Overview of computed tables and files
Computed tables and computed files are powerful virtual tables within the Qualytics platform
Key Concepts
Computed Tables
A container created from SQL queries on JDBC datastores, allowing advanced data manipulation (joins, where clauses, etc.).
Computed Files
A container derived from Spark SQL transformations on DFS datastores.
When to Use Computed Tables
- Data Preparation and Transformation: Clean, shape, and restructure raw data from JDBC datastores.
- Complex Calculations and Aggregations: Perform calculations not easily supported by standard containers.
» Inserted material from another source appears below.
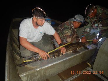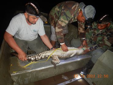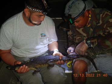 In December 2022, we revisited Chiquibul National Park to lead two nights of capture surveys, in which we captured seven crocodiles on the Raspaculo River on December 13, 2022, and twelve crocodiles on the Macal River on December 14, 2022. Altogether, we captured and assessed 19 Morelet's crocodiles. Of the 19 crocodiles caught, we classified one as hatchling (5%), seven as juveniles (37%), four as subadults (21%) and six as adults (37%). All individuals appeared in excellent physical condition with little to no wounds. The overall population sex ratio was not significantly different from 1:1 as we captured ten males and nine females, However, Raspaculo River exhibited a strong female bias (1:2.5), which has only been observed in this area over the years. In both surveys, we did not encounter evidence of pollution. Nonetheless, FCD researchers suggest the Chalillo dam has caused a high concentration of mercury (Hg) in the river system. Although the crocodile population in the Chiquibul Forest seems stable and relatively free from threats, research and monitoring are warranted, especially since it represents one of the few remaining genetically pure populations of Morelet’s crocodile in Belize.

- Data Subsetting: Extract specific data subsets based on filters using SQL's WHERE clause.
- Joining Data Across Datastores: Combine data from multiple JDBC datastores using SQL joins.
When to Use Computed Files
- Data Preparation and Transformation: Clean and restructure data from raw files stored in a DFS.
- Column-Level Transformations: Apply Spark SQL functions to individual columns for data manipulation and cleaning.
- Filtering Data: Create subsets of data within a DFS container using Spark SQL's WHERE clause.
- Important Note: Computed files currently do not support joins or union operations. If these operations are required, consider using a computed table or alternative data transformation techniques.
Key Differences
Feature | Computed Table (JDBC) | Computed File (DFS) |
---|---|---|
Source Data | JDBC Datastores | DFS Datastores |
Query Language | SQL (database-specific functions) | Spark SQL |
Supported Operations | Joins, where clauses, database functions | Column transforms, where clauses (no joins), SparkSQL functions |
Important Notes
- Computed tables/files behave like normal tables. You can profile them, create checks, and detect anomalies.
- Updating a computed table's query triggers a profiling operation.
- Updating a computed file's select clause or where clause triggers a profiling operation.
- Upon creation, a basic profile (max 1000 records) is automatically generated.
Last update:
April 27, 2024